David Gibson, Jon M. Kleinberg and Prabhakar Raghavan
Summary
This paper carefully explains away the general viewpoint that the web is a conglomerate of unstructured pages. The authors present a picture of the web that is composed of communities, or groups of authoritative pages strongly connected together via hub pages. This structure is uncovered through the use of the HITS algorithm, described below, which discovers authoritative pages on the principle of 'broad topic information discovery'. Experimental evidence shows a stabilization of root communities after about 50 iterations, and these pages tend to reoccur even when a different seed set is used on the same query. This observation strongly supports the communities argument. In addition, the authors note that more specific queries will result in a broader topic set of pages with this method, as the specific topic is the child of a broader parent topic, and the parents pages are returned. This behavior is correlated with the density of links and pages on a given topic: denser topics are less likely to be generalized. Finally, a temporal movement of a topic can be viewed over time, as the pages relating to a topic filter out and are removed, or are heavily linked to during the height of the topic's interest.
Methods
The HITS algorithm begins with a seed set of hub and authority pages about a given topic. These types of pages have a mutually reinforcing relationship, allowing an iterative algorithm to repeatedly add to the weight a page recieves in an overall ranking.
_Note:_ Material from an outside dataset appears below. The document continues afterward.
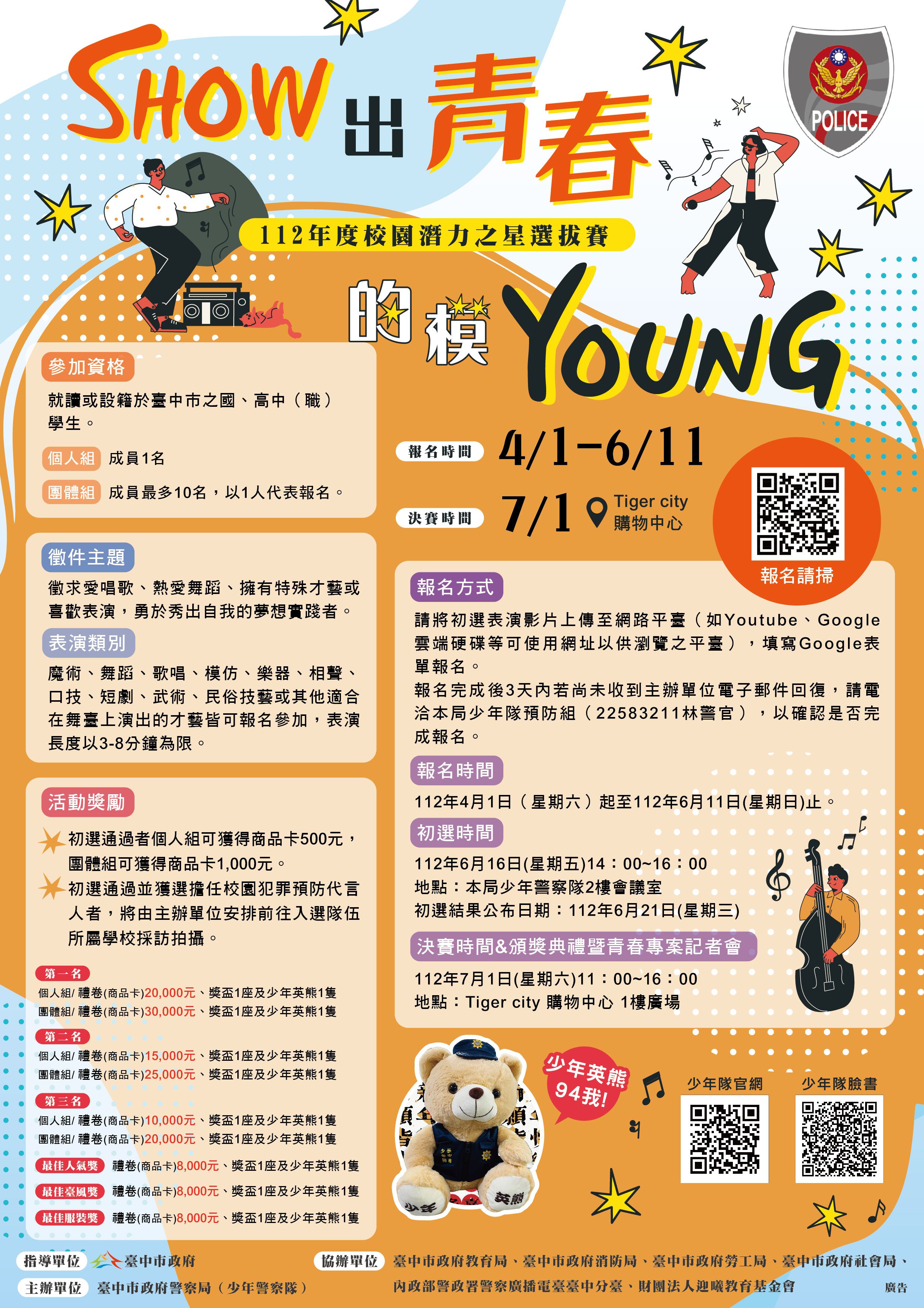 去年由臺中市警局舉辦的111年度校園潛力之星選拔賽~「Show出青春的模Young」,吸引許多位國、高中同學熱情參與,每位參賽者個個才華洋溢,獨具特色,獲得廣大市民與媒體一致好評,今年警察局再度舉辦徵選活動,徵選期間自112年4月1日起至6月11日止,只要是愛唱歌、愛跳舞、愛彈樂器、會武術、變魔術,擁有特殊才藝或喜歡表演,就讀或設籍於臺中市之國、高中(職)學生都可以報名。

A set of pages around the seed set is extracted, and all pages are looped over increasing their scores until convergance. The resulting weights correspond to the principal eigenvectors of the matrices derived from the link structure. Note that the page text and relationship to the query is only considered in the seed step of the algorithm.
Assumptions
Keywords
Hypertextual communities, information exploration, WWW, collaborative annotation, hub, authority, HITS
Rating
8
Bibtex Entry
@inproceedings = { gibson98,
author = "David Gibson and Jon M. Kleinberg and Prabhakar Raghavan",
title = "Inferring Web Communities from Link Topology",
booktitle = "{UK} Conference on Hypertext",
pages = "225-234",
year = "1998",
url = "citeseer.nj.nec.com/kleinberg98inferring.html"
}